__The task__: Your answer is to be the exact text of the lines from the one containing "Visit Proof |" through the final line of the entries, restated in full, with pictures omitted.

__Data supplied__:
· · ·

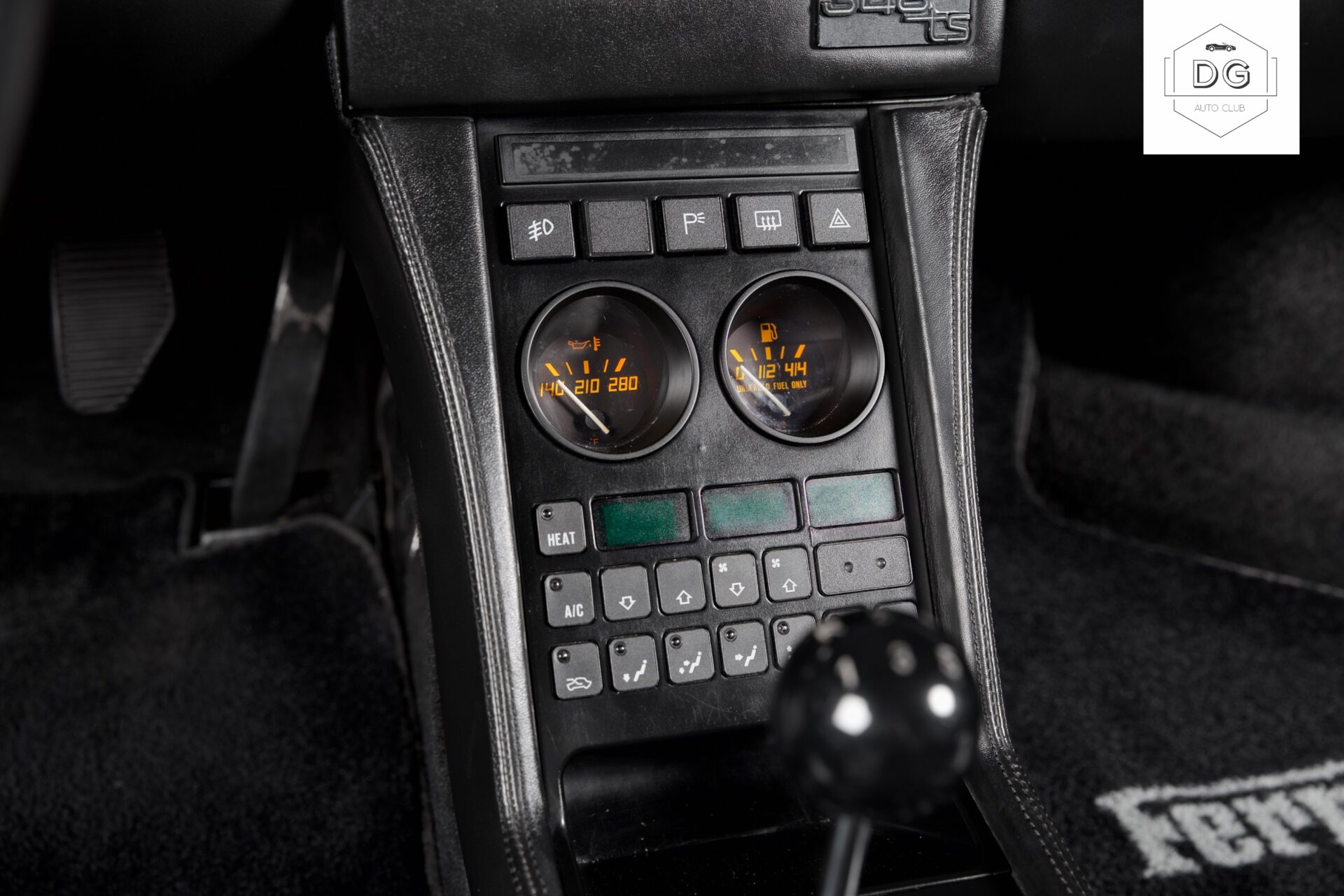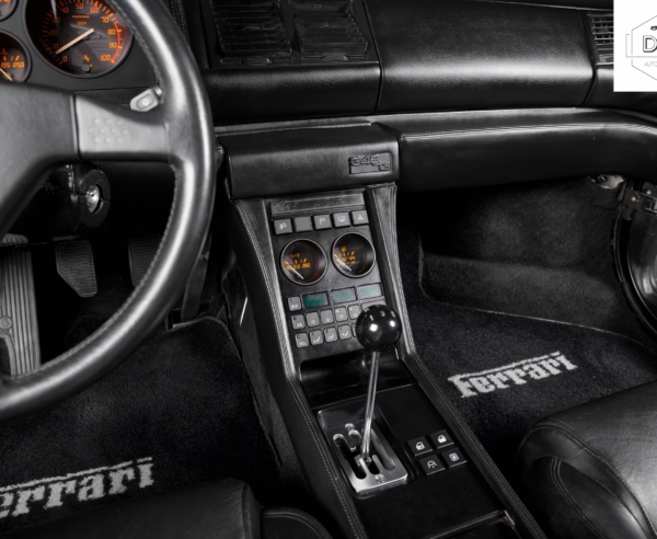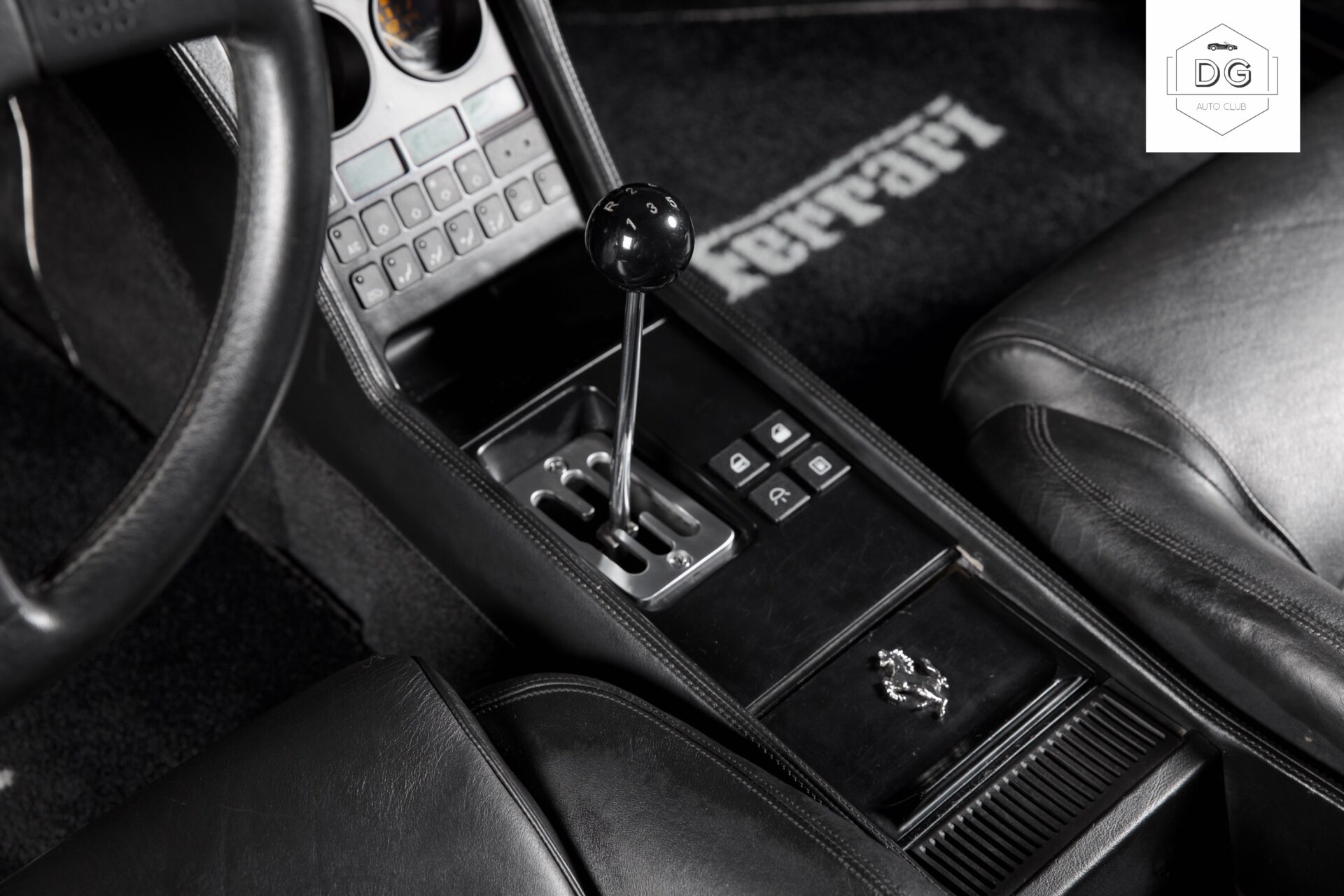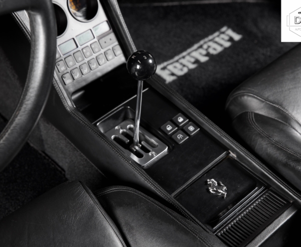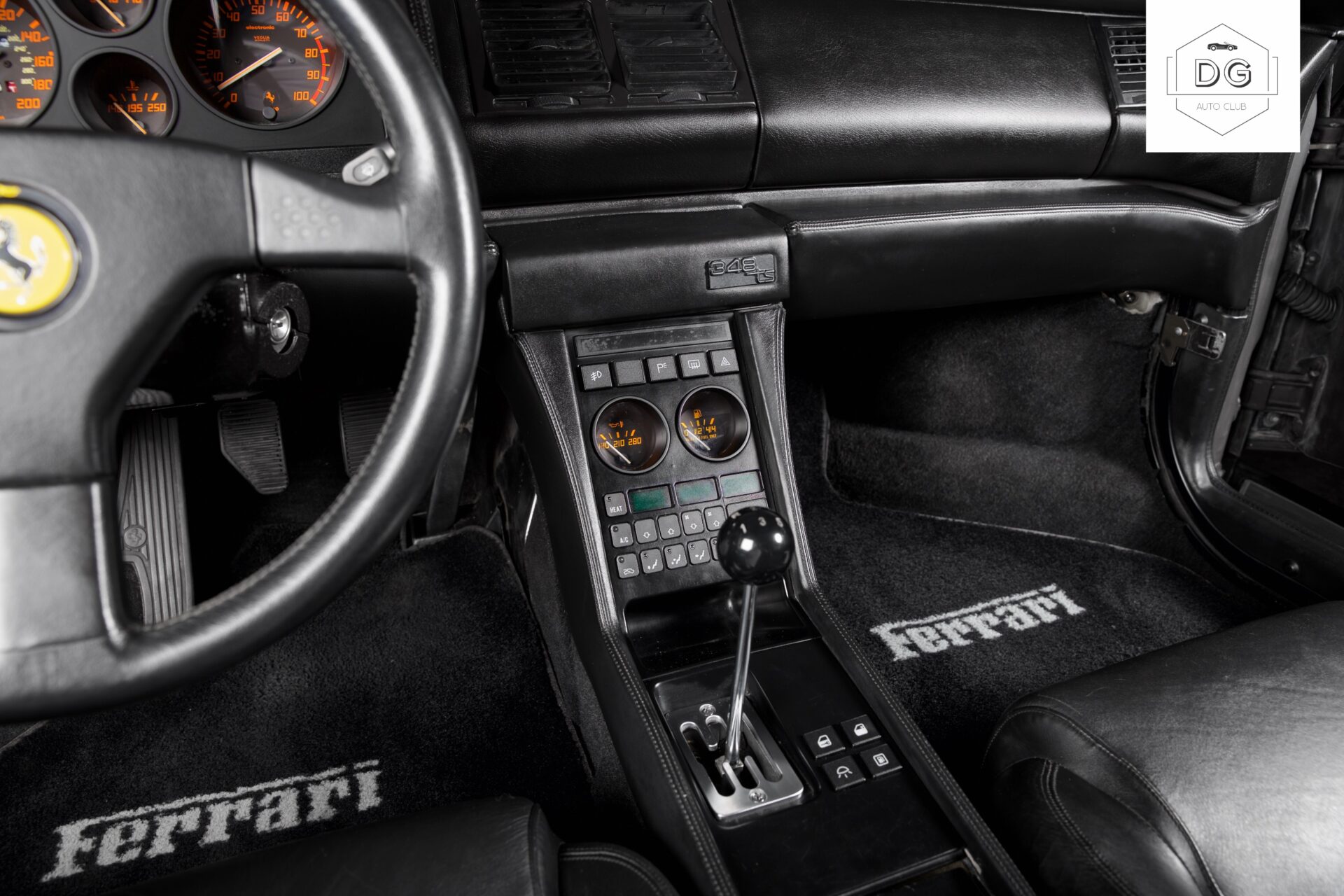 The Ferrari 348tb is powered by a 3.4L V8 engine producing 296 hp. Power is transferred through a dog-leg 5-speed manual transmission featuring a classic Italian gated (open) shifter.
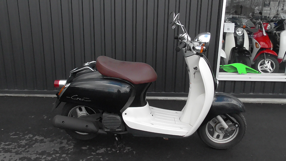 商品ID:1582684656:前後連動ブレーキを採用するなど、ビギナーでも安心して楽しめるスクーター。全体に流麗なデザインを採用し、ツートーンのカラーリングとあいまってファッショナブルで高級感を醸しだしている。
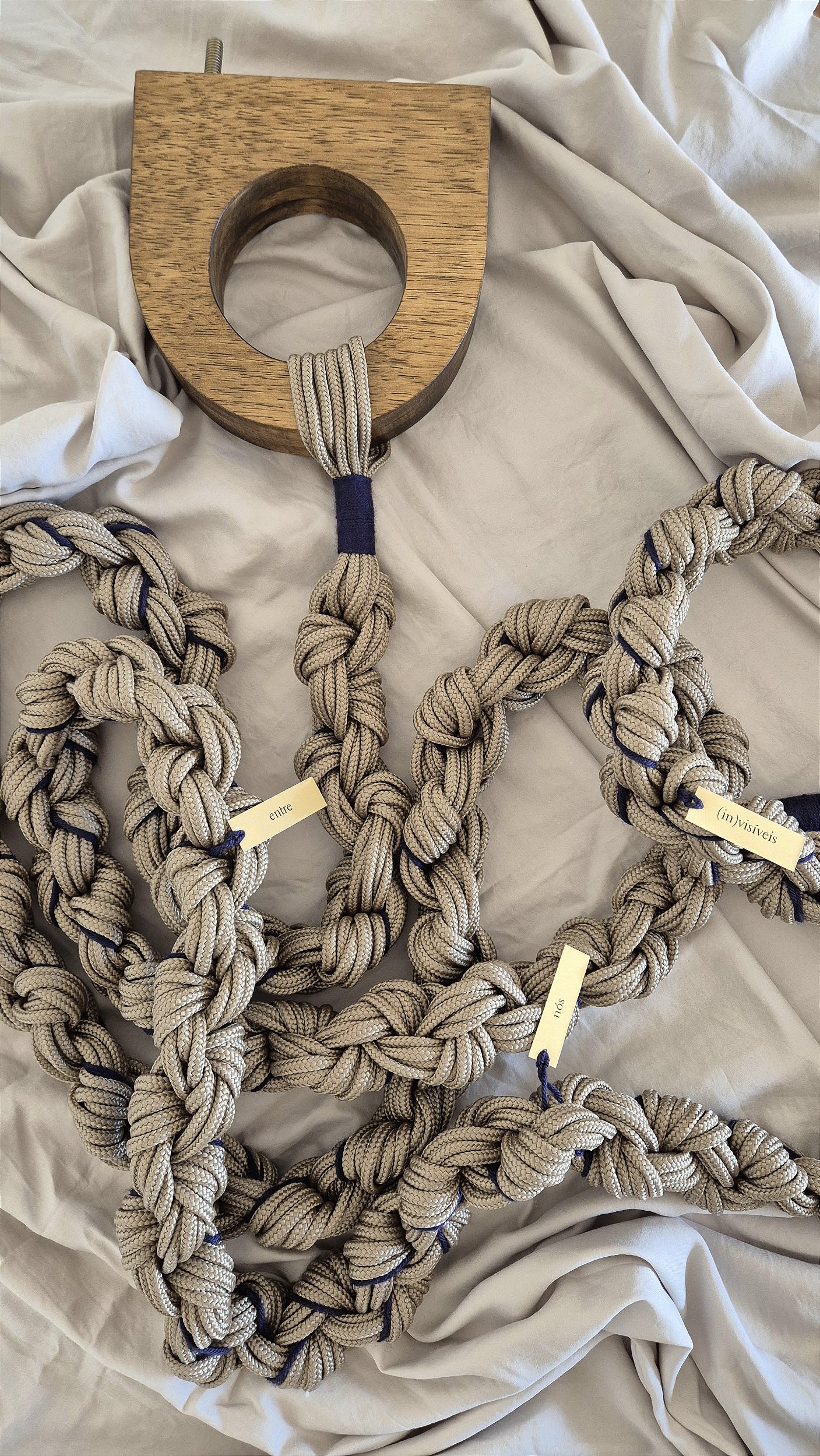 Dividida em três linhas - Linhas, Nós e Elos - a série explora a conexão entre o material e a reflexão, onde cada elemento carrega um simbolismo próprio. Os fios representam trajetórias e continuidades, os nós falam de laços e tensões, enquanto os elos evocam união e permanência.
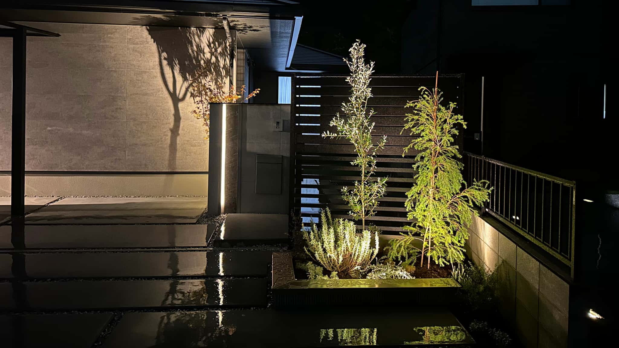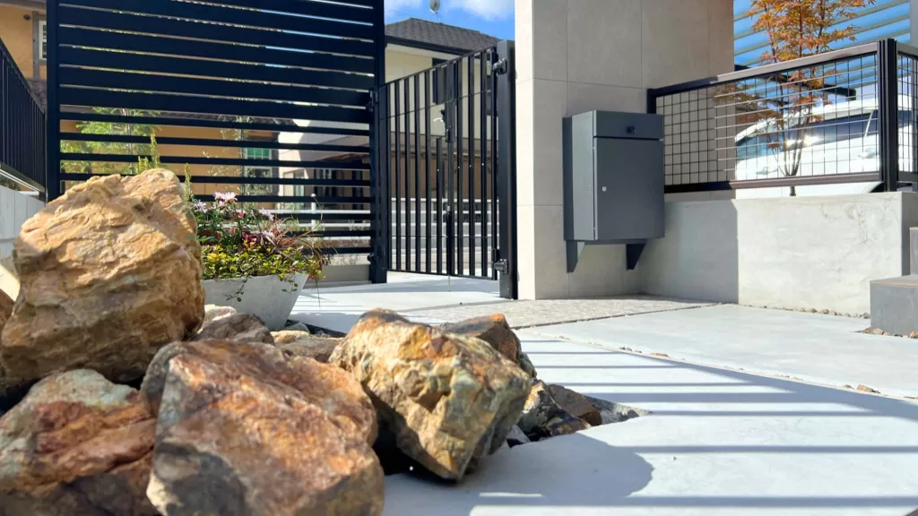 高級感、上品さ、そして快適さを兼ね備えたこちらの外構には、一つひとつの要素にこだわりが込められています。
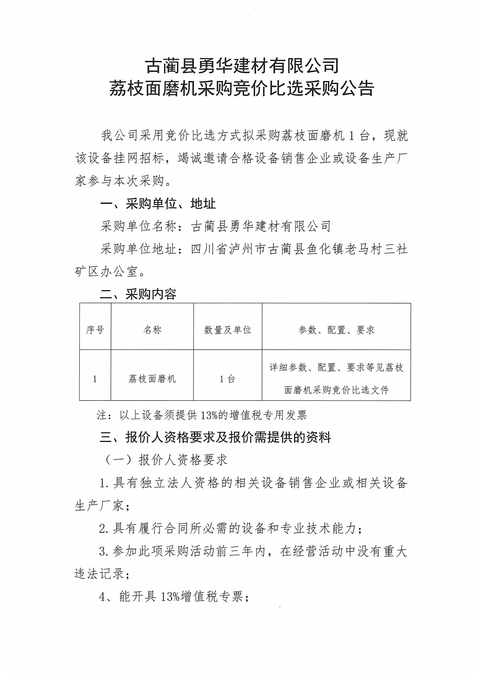 荔枝面磨機(jī)采購(gòu)競(jìng)價(jià)比選采購(gòu)公告
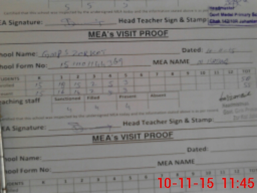 | Attendance Register | Head Teacher | MEA with School | Visit Proof |
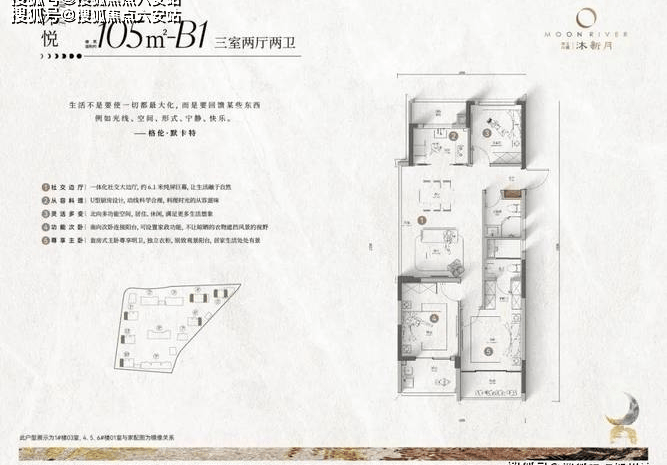 沐新月作为M55系第三个作品,以林汐美学为源点,承袭大水院美学、夜行者美学、疏密相间的漂浮美学等经典元素,更是因地制宜,打造无界自然的水岸森居,环绕建筑的都会森林、环绕园林的美学潮汐、环绕水景的漂浮岛屿的三重景观美学,理想生活如新月变幻,迭新不息。

· · ·

__Result__:
 | Attendance Register | Head Teacher | MEA with School | Visit Proof |
 沐新月作为M55系第三个作品,以林汐美学为源点,承袭大水院美学、夜行者美学、疏密相间的漂浮美学等经典元素,更是因地制宜,打造无界自然的水岸森居,环绕建筑的都会森林、环绕园林的美学潮汐、环绕水景的漂浮岛屿的三重景观美学,理想生活如新月变幻,迭新不息。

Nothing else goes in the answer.